Against a backdrop where the S&P 500’s forward P/E is in the low‑20s, GSK’s low‑teens earnings multiple leaves it trading at a noticeable valuation discount to the broader US market. [7]


Q3 2025: Earnings beat and upgraded guidance

The immediate catalyst for GSK stock’s late‑2025 strength was a strong third quarter (Q3 2025) and a significant upgrade to full‑year guidance.

In its Q3 2025 report, GSK delivered: [8]

  • Total Q3 sales: £8.5bn, up 7% at actual exchange rates and 8% at constant exchange rates.
  • Specialty Medicines: £3.4bn, up 16%, with:
    • Oncology sales up 39% to £0.5bn.
    • HIV sales up 12% to £1.9bn.
  • Vaccines: £2.7bn, up 2%, including:
    • Shingrix (shingles vaccine) up 13% to £0.8bn.
    • Arexvy (RSV vaccine) up 36% to about £0.3bn.
  • General Medicines: £2.5bn, up 4%.
  • Core EPS: 55p, up 14% year on year.
  • Cash from operations (YTD): £6.3bn. [9]

The strength came primarily from HIV and oncology drugs and from specialty respiratory and immunology treatments, which more than offset flattish vaccine sales.

Guidance raised across the board

Following Q3, GSK lifted its 2025 guidance for the second time this year.
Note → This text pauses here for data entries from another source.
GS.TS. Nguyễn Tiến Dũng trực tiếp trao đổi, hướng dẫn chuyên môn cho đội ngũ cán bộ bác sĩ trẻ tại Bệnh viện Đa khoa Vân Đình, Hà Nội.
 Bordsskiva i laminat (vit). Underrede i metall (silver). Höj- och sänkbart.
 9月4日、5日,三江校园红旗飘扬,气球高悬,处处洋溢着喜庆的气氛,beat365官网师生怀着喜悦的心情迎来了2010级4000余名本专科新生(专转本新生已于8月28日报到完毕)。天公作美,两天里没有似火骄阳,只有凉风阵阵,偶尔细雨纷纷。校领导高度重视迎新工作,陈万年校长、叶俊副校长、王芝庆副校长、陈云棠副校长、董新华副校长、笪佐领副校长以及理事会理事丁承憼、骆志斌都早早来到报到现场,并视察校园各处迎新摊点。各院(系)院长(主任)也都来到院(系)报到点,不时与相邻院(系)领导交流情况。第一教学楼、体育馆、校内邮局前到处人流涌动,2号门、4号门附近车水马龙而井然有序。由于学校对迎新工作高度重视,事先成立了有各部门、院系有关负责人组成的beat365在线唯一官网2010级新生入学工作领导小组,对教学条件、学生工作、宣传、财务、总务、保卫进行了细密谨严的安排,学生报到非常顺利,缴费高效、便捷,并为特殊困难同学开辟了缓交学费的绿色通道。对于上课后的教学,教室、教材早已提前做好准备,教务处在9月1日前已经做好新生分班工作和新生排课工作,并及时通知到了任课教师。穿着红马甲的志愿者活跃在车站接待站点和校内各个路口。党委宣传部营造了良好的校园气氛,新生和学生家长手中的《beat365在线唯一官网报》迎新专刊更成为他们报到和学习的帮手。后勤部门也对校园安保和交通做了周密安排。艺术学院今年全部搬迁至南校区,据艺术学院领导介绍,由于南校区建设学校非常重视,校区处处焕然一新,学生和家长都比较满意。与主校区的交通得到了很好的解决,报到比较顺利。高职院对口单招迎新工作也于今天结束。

Management now expects for the full year: [10]

  • Turnover (sales) growth:6–7% (previously “towards the top end” of 3–5%).
  • Core operating profit growth:9–11% (previously 6–8%).
  • Core EPS growth:10–12% (previously 6–8%).

Reuters reported that the Q3 beat and guidance upgrade sent GSK shares up almost 7% on the day, to their highest level since May 2024, underlining a marked re‑rating by investors. [11]
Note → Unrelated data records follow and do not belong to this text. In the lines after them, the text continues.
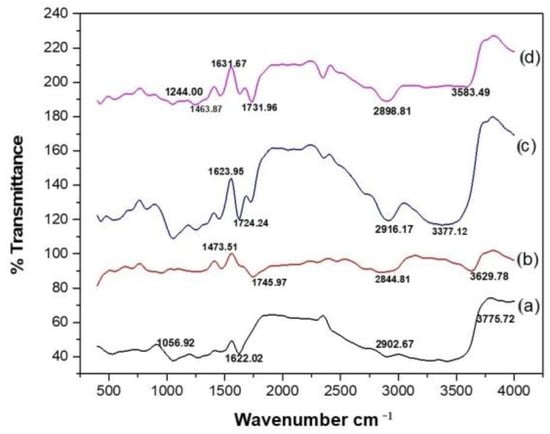 The IR spectrum of GTE, Soluplus®, the physical mixture of GTE and Soluplus®, and GTE-SD is shown in Figure 5. The IR spectrum of GTE in Figure 5a extract exhibits a peak at 3775.72 cm−1, indicating the presence of OH groups of alcohol, phenols, and N–H stretching in amines. The C–H stretching in alkanes appears at 2902.67 cm−1. The presence of a sharp peak at 1622.02 cm−1 demonstrates the existence of the C=O group of aryl ketone. One band at 1056.92 cm−1 indicates the presence of a C–O stretch of the ester group. The IR spectrum of Soluplus® in Figure 5b shows a broad peak at 3629.78 cm−1 (OH stretch). Major absorption peaks at 2844.81 cm−1 indicate bands due to aromatic C–H stretching [45]. The peak at 1745.97 cm−1 indicates the existence of ester carbonyl stretching. A peak at 1473.51 cm−1 is observed due to C–O–C stretching. The IR spectrum of the physical mixture of GTE and Soluplus® shown in Figure 5c is characterized by the presence of major absorption peaks at 2916.17 cm−1 due to C–Hstretching. The peaks at 1623.95 cm−1 and 1724.24 cm−1 show the occurrence of C=O stretching and C=O ester carbonyl stretching, respectively. The peak at 3377.12 cm−1 indicates the occurrence of an OH group. The IR spectrum of the physical mixture of GTE and Soluplus® demonstrates the existence of both components; the entire IR spectrum suggests that there isno chemical interface between them. The IR spectrum of the solid dispersion in Figure 5d exhibits peaks at 3583.49 cm−1 due to the OH group, and a sharp peak at 1731.96 cm−1 is observable in the spectrum, indicating the existence of an ester carbonyl group; the peak at 1631.67 cm−1 shows C=O stretching, and peaks at 1244.00 cm−1 and 1463.87 cm−1 indicate the existence of (C–O) and (C=C). The peak at 3583.49 cm−1 corresponding to the OH group appears consistently in the entire spectrum but was slightly shifted and became broader due to the formation of hydrogen bonding. The presence of a carbonyl (C=O) and alkane (C–H) group in GTE enables the formation of hydrogen bonds with the hydroxyl group of Soluplus® during the formation of solid dispersion, causing a reduction in the intensity of the carbonyl group in the formulation [46]. However, no additional peak was observed in GTE-SD, indicating an absence of any chemical interaction between the GTE and polymer. The IR spectrum of the solid dispersion shows the presence of broad and reduced peaks as compared to the sharp peak observed for the GTE and Soluplus®.
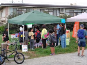 『波音聞こえる若宮のお祭り みんなでワイワイ楽しもう!』をテーマに行ったお祭りですが、今年は、新たに子ども会ゲームコーナーでの「バルーンアート」のプレゼントや3Rコーナーでは「復活!ごみ分別クイズに挑戦」の催しなどを行いました。
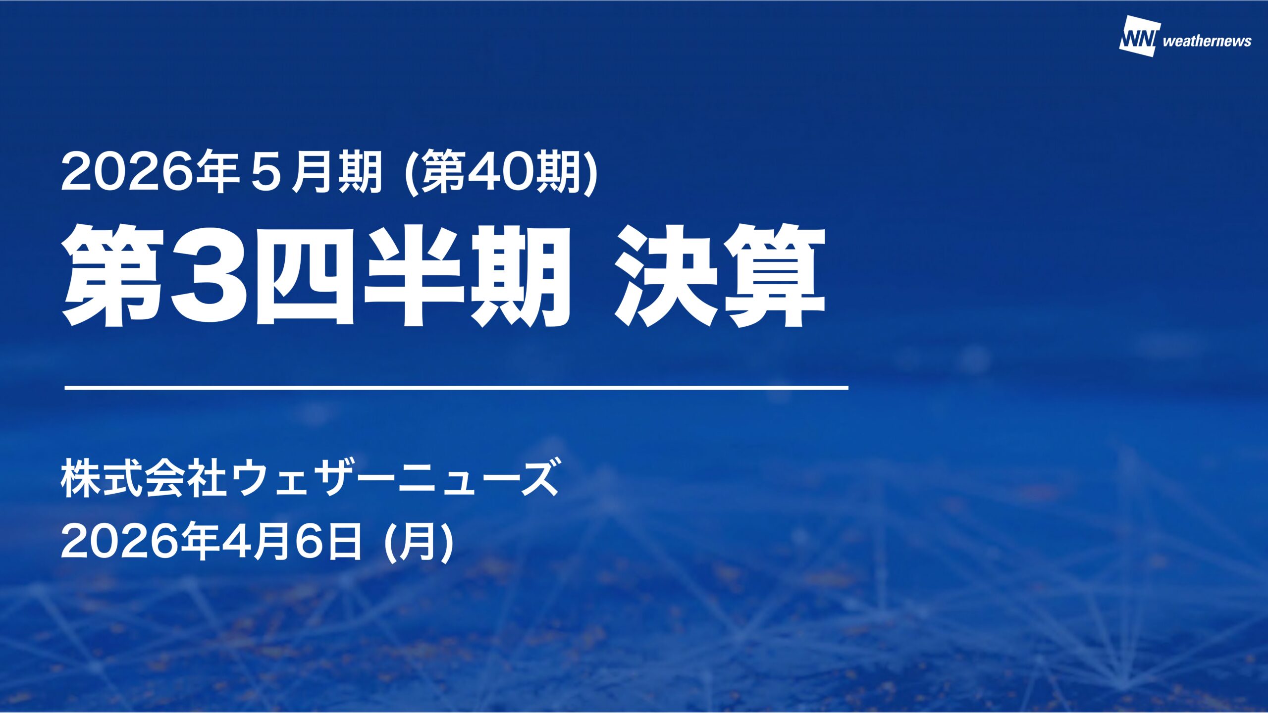 また、放送局様に今使っていただいているウェザーニュース for businessの放送パックという、for businessのPC画面に出ているウェザーリポート、もちろん我々の方で中身を確認したものですが、それをそのままオンエアに使っていただけるサービスです。放送市場向けについてこのようにゲームチェンジしている部分もあり、Q3でこのあたりで大きく進捗がありました。
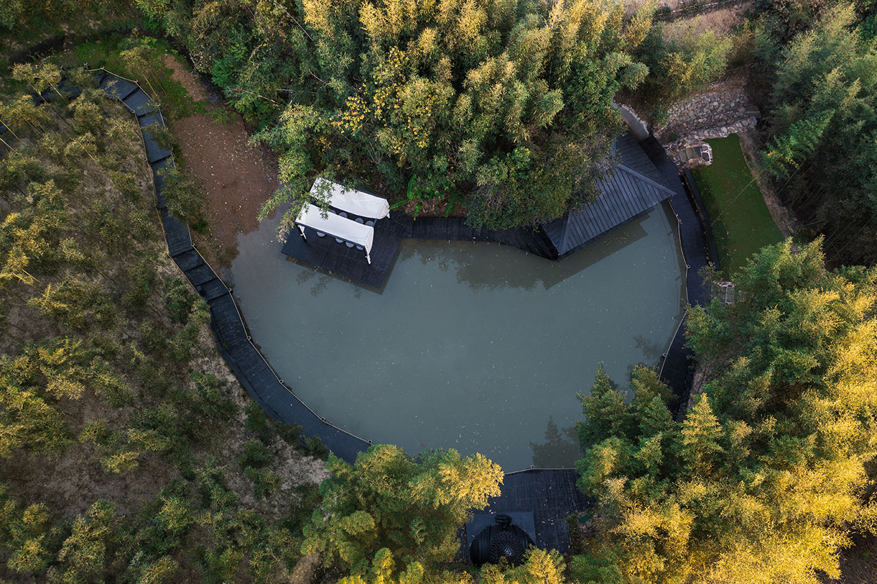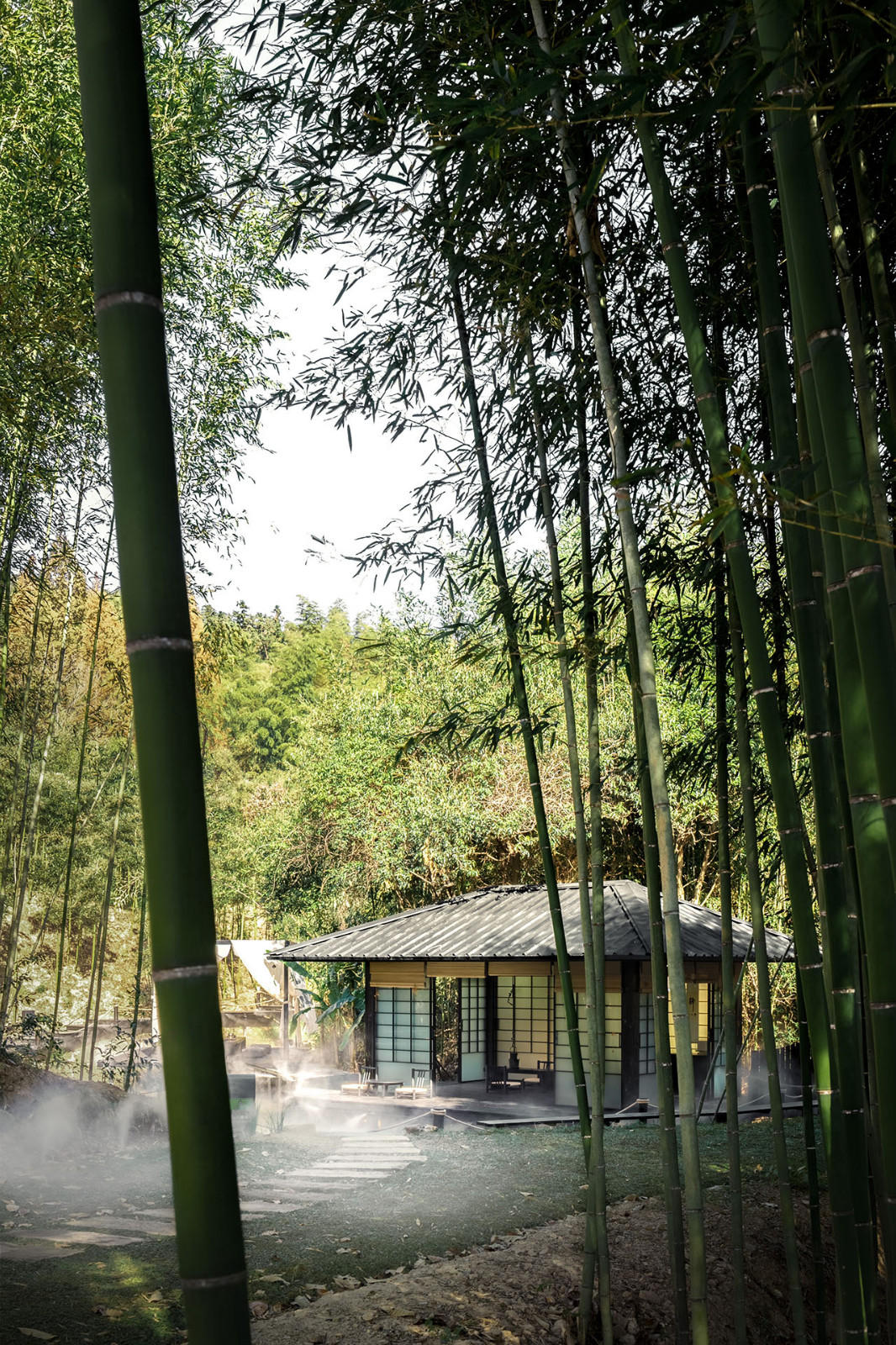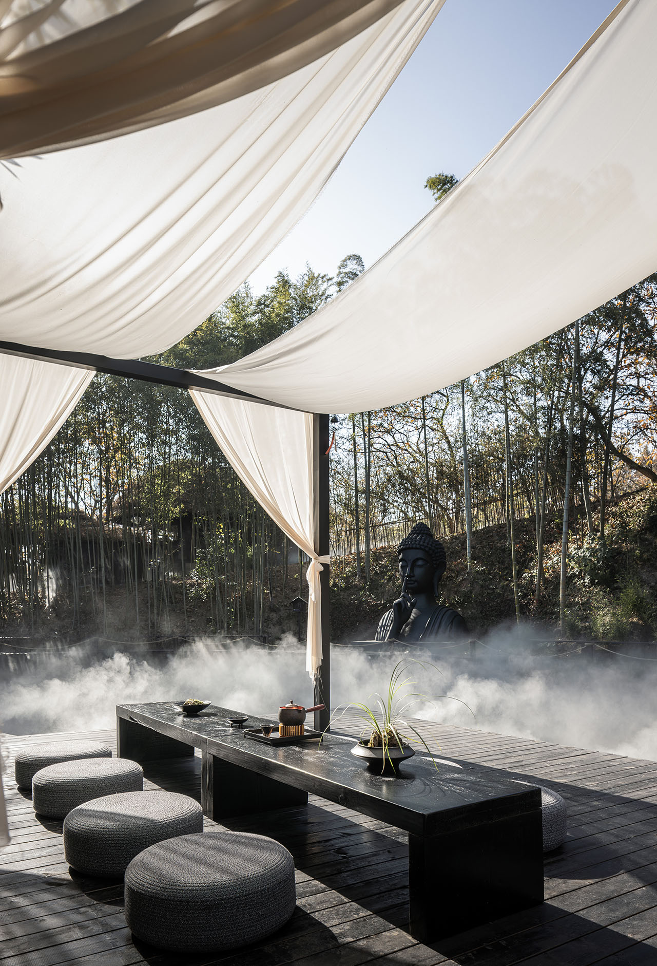 沿溪而行,水声渐近。山泉顺竹林肌理蜿蜒而下,汇入心形山塘。溪畔纱幔轻扬,风铃竹叮咚作响,对岸佛像在薄雾中若隐若现。择一处竹廊凭栏,或推开通透落地窗步入茶舍,煮水、听溪、观竹,让山野气息渗入每个毛孔。

Dividend and buybacks: A more assertive capital‑return story

2025 dividend: Around a mid‑3% yield

GSK declared a Q3 2025 dividend of 16p per share and reiterated guidance for a full‑year 2025 dividend of 64p per share. [12]

At a share price of roughly £18, that equates to a dividend yield of about 3.5%, in line with GSK’s stated policy of providing a “progressive” and sustainable distribution while still funding R&D and growth investments.
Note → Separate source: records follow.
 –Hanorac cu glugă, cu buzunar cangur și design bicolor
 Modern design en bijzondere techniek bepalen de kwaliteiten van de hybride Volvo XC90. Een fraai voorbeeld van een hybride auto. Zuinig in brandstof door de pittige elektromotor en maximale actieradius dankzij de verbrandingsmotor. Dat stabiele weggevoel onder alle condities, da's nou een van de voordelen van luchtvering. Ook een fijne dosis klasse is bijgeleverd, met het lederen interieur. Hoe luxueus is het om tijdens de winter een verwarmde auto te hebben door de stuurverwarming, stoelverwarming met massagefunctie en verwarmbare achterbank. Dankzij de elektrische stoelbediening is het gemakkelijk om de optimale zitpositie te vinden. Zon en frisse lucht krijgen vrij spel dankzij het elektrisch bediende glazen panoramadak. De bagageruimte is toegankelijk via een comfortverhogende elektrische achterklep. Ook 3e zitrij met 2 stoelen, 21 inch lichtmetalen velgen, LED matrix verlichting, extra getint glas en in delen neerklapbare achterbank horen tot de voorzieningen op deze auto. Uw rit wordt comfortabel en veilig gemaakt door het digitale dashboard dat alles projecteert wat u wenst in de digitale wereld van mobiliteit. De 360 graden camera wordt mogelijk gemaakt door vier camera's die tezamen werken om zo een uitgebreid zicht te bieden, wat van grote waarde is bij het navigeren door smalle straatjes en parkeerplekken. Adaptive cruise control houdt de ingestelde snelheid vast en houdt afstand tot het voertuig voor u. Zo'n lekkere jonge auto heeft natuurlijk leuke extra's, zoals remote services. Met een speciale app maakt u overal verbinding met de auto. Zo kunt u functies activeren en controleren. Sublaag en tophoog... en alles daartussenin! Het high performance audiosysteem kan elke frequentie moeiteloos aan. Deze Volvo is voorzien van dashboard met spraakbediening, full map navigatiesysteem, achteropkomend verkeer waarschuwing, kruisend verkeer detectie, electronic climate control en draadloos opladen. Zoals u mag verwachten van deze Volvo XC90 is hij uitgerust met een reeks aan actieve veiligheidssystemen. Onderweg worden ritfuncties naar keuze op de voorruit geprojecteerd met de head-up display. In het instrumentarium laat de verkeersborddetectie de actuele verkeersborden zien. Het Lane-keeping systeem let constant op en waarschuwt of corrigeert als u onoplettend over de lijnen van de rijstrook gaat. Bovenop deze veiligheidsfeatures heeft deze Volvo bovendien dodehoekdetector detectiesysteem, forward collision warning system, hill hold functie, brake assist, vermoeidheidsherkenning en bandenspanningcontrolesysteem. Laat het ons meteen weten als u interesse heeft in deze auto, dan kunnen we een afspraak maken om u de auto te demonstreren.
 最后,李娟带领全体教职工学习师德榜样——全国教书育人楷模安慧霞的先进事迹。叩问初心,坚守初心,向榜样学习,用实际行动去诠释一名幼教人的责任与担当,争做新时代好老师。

£2bn share buyback through 2026

In February 2025, alongside its full‑year 2024 results, GSK launched a £2bn share buyback programme, to be executed by the end of Q2 2026. [13]

By Q3 2025, the company had already deployed £1.1bn into buybacks. [14] The pace has remained brisk into Q4:

  • A recent 6‑K filing shows that 233,000 shares were repurchased on 4 December 2025 at an average price of 1,832p, bringing total purchases since 30 September to nearly 12 million shares. [15]
  • After these trades, GSK holds about 237 million shares in treasury, representing roughly 5.8% of voting rights. [16]

For current shareholders, the buyback both supports the share price and incrementally improves per‑share metrics such as EPS and dividend coverage.


Zantac litigation: Big cheque, bigger cloud lifted

For several years, GSK stock traded under a heavy cloud of uncertainty around Zantac (ranitidine) cancer lawsuits in the US. That overhang has largely been cleared.

Key milestones:

  • In October 2024, GSK agreed to resolve about 93% of US state‑court Zantac product liability cases (around 80,000 claims) for up to $2.2bn, plus a separate $70m settlement of a qui tam (whistle‑blower) complaint. [17]
  • GSK has emphasised that the costs will be funded from existing resources and that there is no change to its growth agenda or R&D investment plans. [18]
  • The company recognised a £1.8bn accounting charge related to these settlements in its 2024 results. [19]

In July 2025, the Delaware Supreme Court delivered another important boost for GSK and other drugmakers by ruling that expert testimony from plaintiffs’ scientists in a massive Zantac case was inadmissible due to unreliable methodology. [20] This ruling, combined with previous federal decisions and GSK’s settlements, significantly reduces the risk of a runaway damages scenario.

For equity investors, the Zantac saga transitions from an existential tail risk to a manageable, largely quantified cost that is already baked into the balance sheet and guidance.


Leadership transition: Luke Miels steps in as CEO

In late September 2025, GSK announced that long‑time CEO Emma Walmsley will step down at the end of the year. Luke Miels, currently the company’s Chief Commercial Officer, has been appointed CEO‑designate and will take over on 1 January 2026. [21]

Key points about the leadership change:

  • Miels joined GSK in 2017 and has overseen a global commercial portfolio with more than £20bn in annual sales across 100+ countries. [22]
  • He inherits a strategy targeting over £40bn in annual sales by 2031, an upgrade from the previous £38bn long‑term goal. [23]
  • At her final results presentation as CEO, Walmsley reaffirmed that GSK is tracking ahead of earlier revenue ambitions and highlighted the breadth of the pipeline, including around 15 assets each with potential peak‑year sales above £2bn. [24]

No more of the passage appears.